Могу ли я продолжить этот его опыт своим собственным, в качестве предисловия или краткого оправдания к этой лекции? Как бы ни была недолговечна радость автора от своих критиков, как бы ни была истощена его надежда на славу, как бы ни было печально его согласие с сэром Томасом Брауном в том, что «нет ничего бессмертного, кроме бессмертия», он не может скрыться от определенных предприимчивых дельцов, которые в Англии называют себя «агентствами по вырезке прессы», в Америке — «бюро по вырезке прессы», и, когда на свет появляется каждое очередное дитя его изобретения, непристойно предполагают в нем почти девственный трепет. «Ваша книга, — пишут они ложно, — вызывает много комментариев. Можем ли мы собрать и прислать вам заметки о ней, появляющиеся в мировой прессе? Мы представляем образец вырезки с нашими условиями; и остаемся, дорогой сэр» и т. д.

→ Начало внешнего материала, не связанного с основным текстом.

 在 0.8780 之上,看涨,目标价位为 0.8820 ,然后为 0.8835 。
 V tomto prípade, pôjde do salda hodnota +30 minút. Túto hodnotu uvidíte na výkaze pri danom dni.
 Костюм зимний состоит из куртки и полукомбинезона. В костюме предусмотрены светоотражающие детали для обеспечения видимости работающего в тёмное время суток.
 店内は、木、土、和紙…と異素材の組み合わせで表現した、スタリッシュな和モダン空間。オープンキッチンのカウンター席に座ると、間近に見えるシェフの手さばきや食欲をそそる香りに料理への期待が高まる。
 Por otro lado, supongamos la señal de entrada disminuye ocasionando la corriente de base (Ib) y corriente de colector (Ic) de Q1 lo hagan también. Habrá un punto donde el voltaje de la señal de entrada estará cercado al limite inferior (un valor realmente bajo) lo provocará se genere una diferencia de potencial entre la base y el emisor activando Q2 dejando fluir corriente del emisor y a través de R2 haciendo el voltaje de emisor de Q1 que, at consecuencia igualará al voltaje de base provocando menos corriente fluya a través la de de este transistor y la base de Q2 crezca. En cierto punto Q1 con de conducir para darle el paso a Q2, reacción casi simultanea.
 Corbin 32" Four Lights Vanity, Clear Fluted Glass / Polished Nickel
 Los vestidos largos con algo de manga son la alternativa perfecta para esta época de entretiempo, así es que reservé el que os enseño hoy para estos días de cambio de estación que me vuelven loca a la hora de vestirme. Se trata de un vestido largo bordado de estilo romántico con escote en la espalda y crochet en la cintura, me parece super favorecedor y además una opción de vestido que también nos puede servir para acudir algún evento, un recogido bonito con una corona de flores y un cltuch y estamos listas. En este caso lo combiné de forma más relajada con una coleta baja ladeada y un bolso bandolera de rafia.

Теперь, хотя я неизменно невосприимчив к этой уловке, я иногда бываю виновен в том, что беру приложенную рецензию-образец и втискиваю ее на хранение среди едва ли менее опадающих страниц книги, которую она была призвана оценить. Так случилось, что в эти каникулы, смахивая пыль — а не читая — с ряда устаревших или устаревающих работ на полке, я наткнулся на рецензию, подписанную не кем иным, как мистером Гилбертом Честертоном, информирующую мир, что автор моей устаревшей книги полон хороших историй, как добрый дядюшка, но имеет небрежную или нетерпеливую манеру останавливаться на полуслове и оставлять своих читателей гадать о том, что они больше всего хотели бы знать: что, дойдя до последней главы, или того, что он решил сделать последней главой, вместо того чтобы закруглиться и рассказать, «как все жили долго и счастливо», он (так сказать) соскальзывал вас со своего дядиного колена с благословением и замечанием, что бьет девять часов и всем хорошим детям пора в постель.
Эта критика преследовала меня во время каникул. Оглядываясь назад на курс лекций, который я считал завершенным; исправляя их в печати; пересматривая их со всей нервозностью новичка; мне казалось, что я слышу, как вы жалуетесь: «Он призывал нас писать точно, уместно; избегать канцелярита; быть смелыми и пробовать себя в стихах. Он настаивал на том, что литература — это живое искусство, которым нужно заниматься. Но именно того, что нам было нужно больше всего, он не сказал. У последней двери к тайне он повернулся к нам спиной и оставил нас. Точность, уместность, ясность — этого мы можем достичь. Но где он помог нам писать с красотой, с шармом, с отличием? Где он дал нам правила того, что называется стилем, в конце концов? — достигнув которого, автор может считать себя состоявшимся в своем деле».
Так, джентльмены, внутренним слухом я слышал, как вы упрекаете меня. Прошу вас принять нижеследующее в качестве моего оправдания.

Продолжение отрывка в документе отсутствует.